### What is expected:
Since the records include pictures, leave those out while you reproduce exactly and only the lines from the one containing "Rochester Corn Water" through the one containing "Het perceel waarop", inclusive.
----- Extracted information
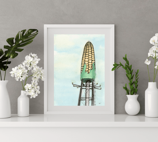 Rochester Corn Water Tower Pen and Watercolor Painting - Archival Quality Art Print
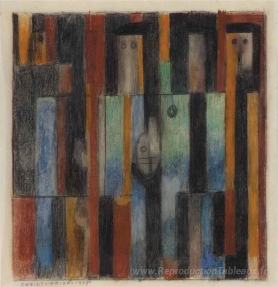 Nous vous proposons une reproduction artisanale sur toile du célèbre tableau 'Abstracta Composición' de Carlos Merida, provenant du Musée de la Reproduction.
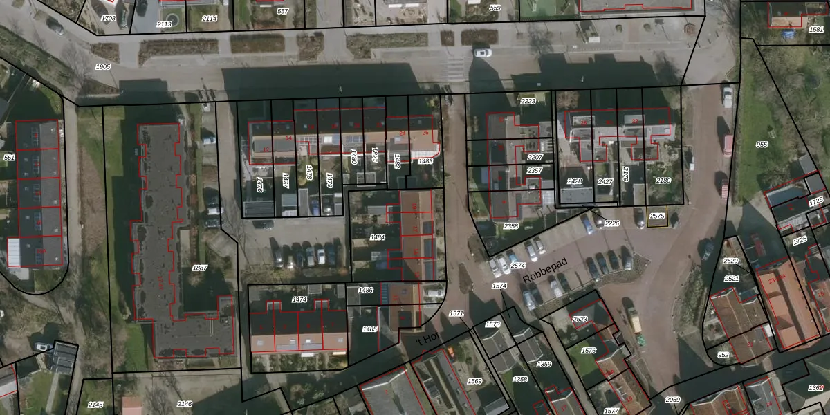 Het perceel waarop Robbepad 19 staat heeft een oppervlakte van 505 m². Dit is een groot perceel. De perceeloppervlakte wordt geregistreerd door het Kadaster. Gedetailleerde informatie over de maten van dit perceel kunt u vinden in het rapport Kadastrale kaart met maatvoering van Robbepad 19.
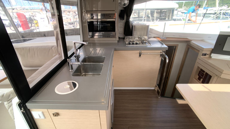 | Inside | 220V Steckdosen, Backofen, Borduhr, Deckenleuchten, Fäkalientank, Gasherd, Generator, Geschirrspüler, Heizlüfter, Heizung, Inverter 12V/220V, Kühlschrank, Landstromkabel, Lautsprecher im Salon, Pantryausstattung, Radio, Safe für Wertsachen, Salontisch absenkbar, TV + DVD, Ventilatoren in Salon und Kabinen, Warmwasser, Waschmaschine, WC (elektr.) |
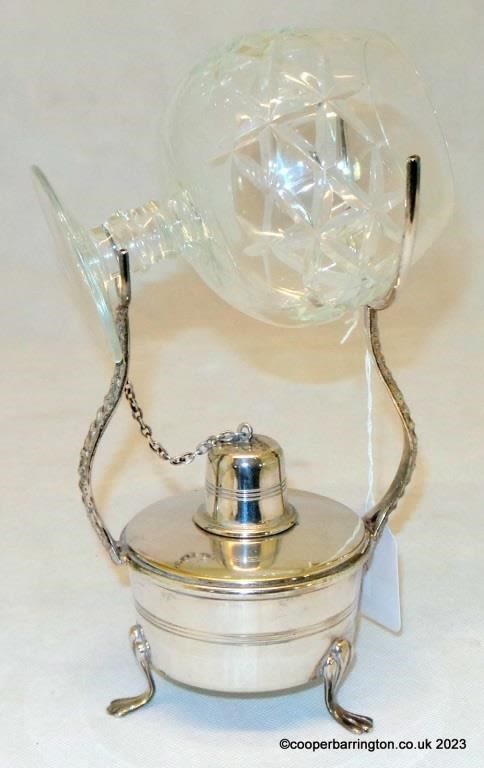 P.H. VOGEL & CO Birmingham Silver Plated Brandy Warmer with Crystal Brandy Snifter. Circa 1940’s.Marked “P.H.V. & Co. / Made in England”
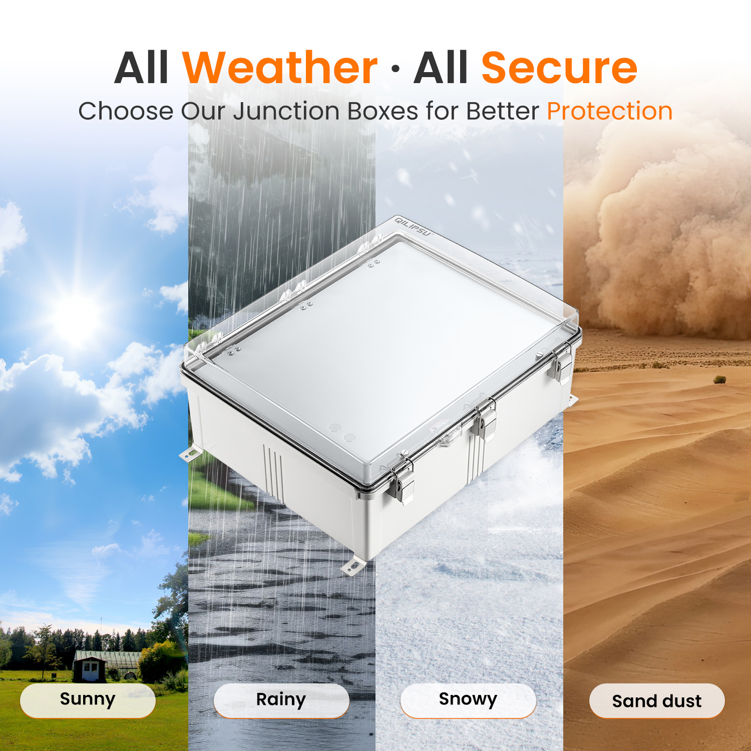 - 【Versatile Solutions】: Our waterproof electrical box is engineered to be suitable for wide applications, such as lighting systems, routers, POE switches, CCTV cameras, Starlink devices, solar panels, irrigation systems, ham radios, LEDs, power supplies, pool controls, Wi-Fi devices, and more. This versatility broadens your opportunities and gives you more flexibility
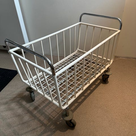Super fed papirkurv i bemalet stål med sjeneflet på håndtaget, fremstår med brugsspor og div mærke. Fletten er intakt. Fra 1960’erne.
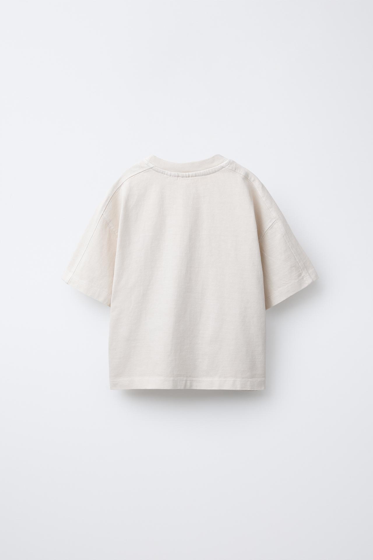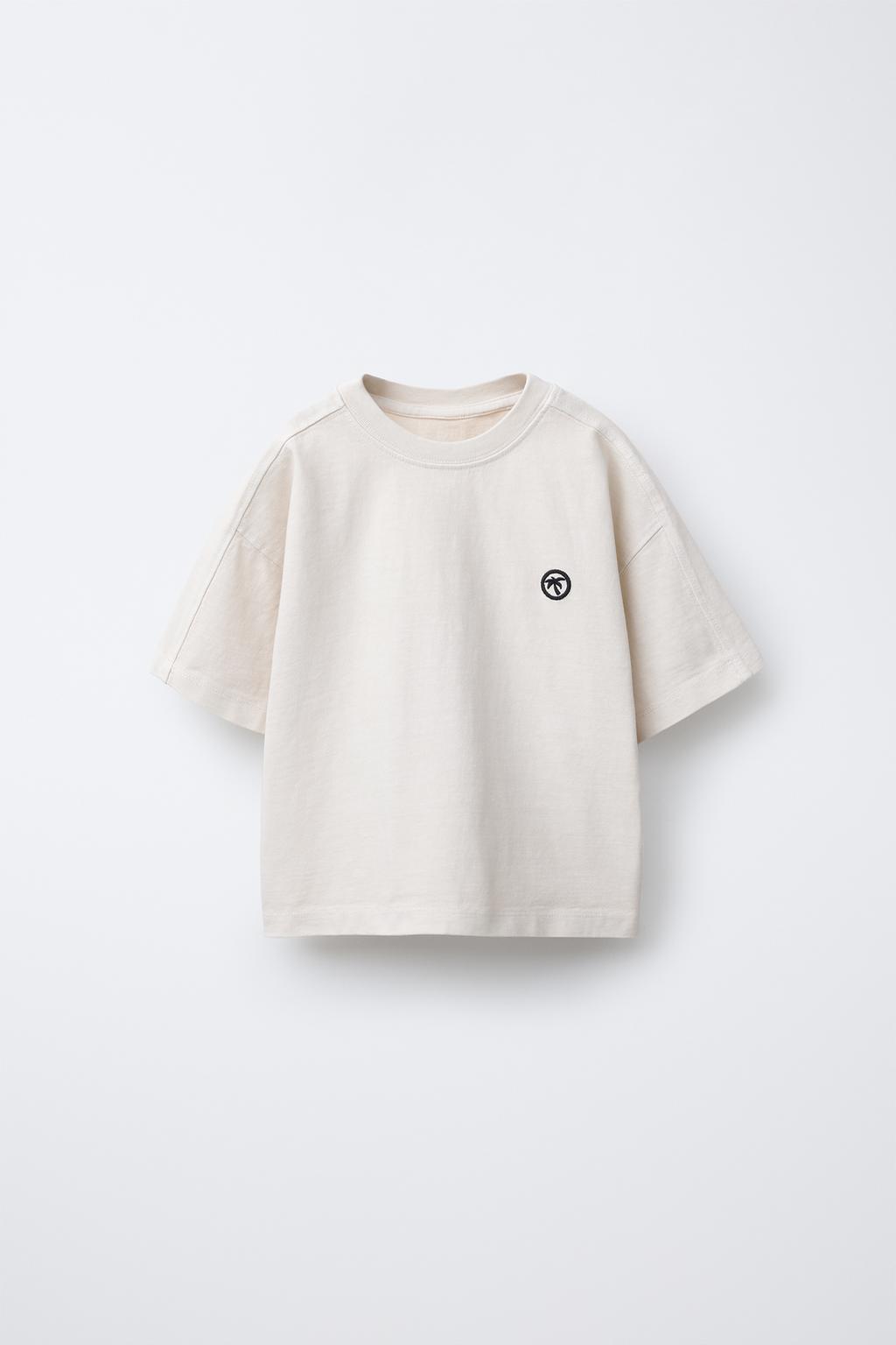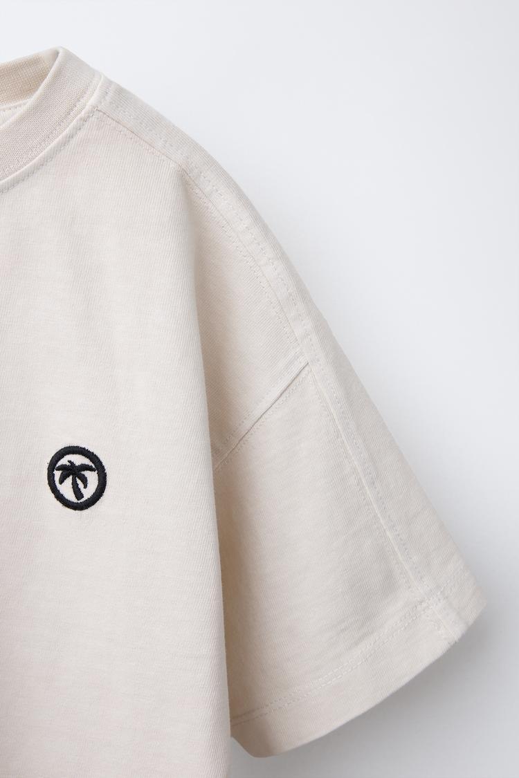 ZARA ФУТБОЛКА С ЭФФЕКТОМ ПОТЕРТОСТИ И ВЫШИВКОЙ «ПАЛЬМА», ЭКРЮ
----------
----- Extracted information
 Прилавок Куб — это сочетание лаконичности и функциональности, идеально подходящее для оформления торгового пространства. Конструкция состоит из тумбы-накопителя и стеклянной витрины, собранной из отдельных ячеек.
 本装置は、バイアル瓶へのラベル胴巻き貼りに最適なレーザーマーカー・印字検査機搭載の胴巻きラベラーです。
----------
### Result:
 Rochester Corn Water Tower Pen and Watercolor Painting - Archival Quality Art Print
 Nous vous proposons une reproduction artisanale sur toile du célèbre tableau 'Abstracta Composición' de Carlos Merida, provenant du Musée de la Reproduction.
 Het perceel waarop Robbepad 19 staat heeft een oppervlakte van 505 m². Dit is een groot perceel. De perceeloppervlakte wordt geregistreerd door het Kadaster. Gedetailleerde informatie over de maten van dit perceel kunt u vinden in het rapport Kadastrale kaart met maatvoering van Robbepad 19.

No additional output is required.